School administrators and coaches need to create trust with staff to encourage the risk taking and openness to feedback that will generate continuous teacher growth supporting continuous student growth. A culture of high “coachablity”.
“Schools with high relational trust, and/or leaders who cared about it, had a much better chance of serving students well than schools that ranked low on those variables.”
— Center for Courage and Renewal
With changes in staff and positions, this topic needs to be examined by the leadership team at the start of each school year and plans for consciously addressing trust building with staff set in place.
The following ten-minute video will guide you and your leadership team through exploring questions that should be answered with the staff:
- When is an observer evaluating and when is the observer coaching?
- Who in the school plays which roles?
- What communication exists between my coach and my evaluator?
- What control do I have as a mentee or coachee?
- How do I share my questions, concerns, desires, and interest?

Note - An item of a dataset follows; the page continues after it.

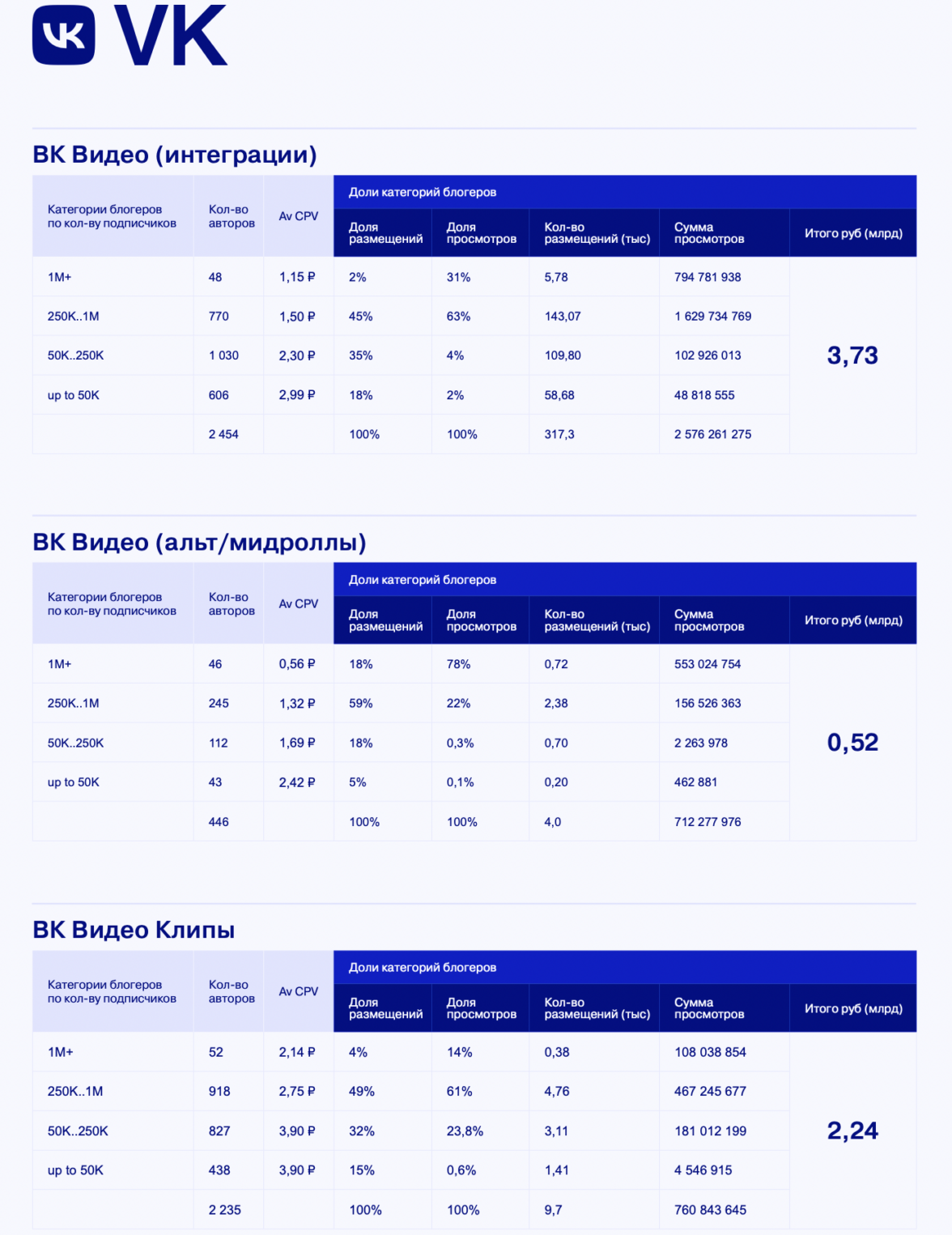 Блогеры «ВКонтакте» в 2024 году разместили сопоставимое с ютуберами количество рекламы: 331 тыс. публикаций, 96% из которых — интеграции в «VK Видео». При этом суммарный охват этих публикаций в 19 раз меньше — всего 4,1 млрд просмотров. Как и в Instagram, по количеству рекламных размещений лидировали макроблогеры.
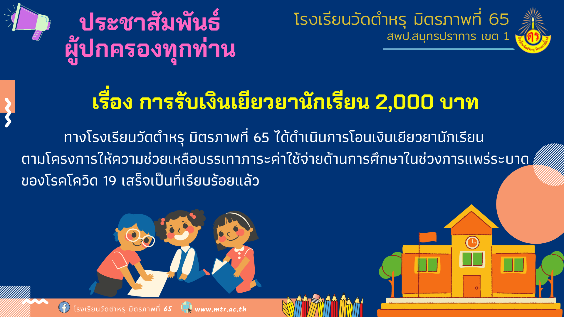 ประชาสัมพันธ์ เรื่อง การรับเงินเยียวยานักเรียนตามโครงการให้ความช่วยเหลือบรรเทาภาระค่าใช้จ่ายด้านการศึกษาในช่วงการแพร่ระบาดของโรคโควิด 19 ทางโรงเรียนได้ดำเนินการโอนเงินเสร็จเป็นที่เรียบร้อยแล้ว

August 18th, 2019 at 10:29 am
As I continue to facilitate sessions with principals on the performance appraisal process, the conversation between the teacher and the evaluator is a major focus of my work. The role of principal as supervisor (measurement) and coach (growth) is a difficult challenge and depends on the ability of the principal to differentiate the conversation using essential questions more than declarative statements. Principals find this aspect of the performance appraisal process challenging but necessary if they are to shift from a measurment mindset to a growth mindset. And none of this can be effective without a culture that values trusting relationships between the staff and the princpal.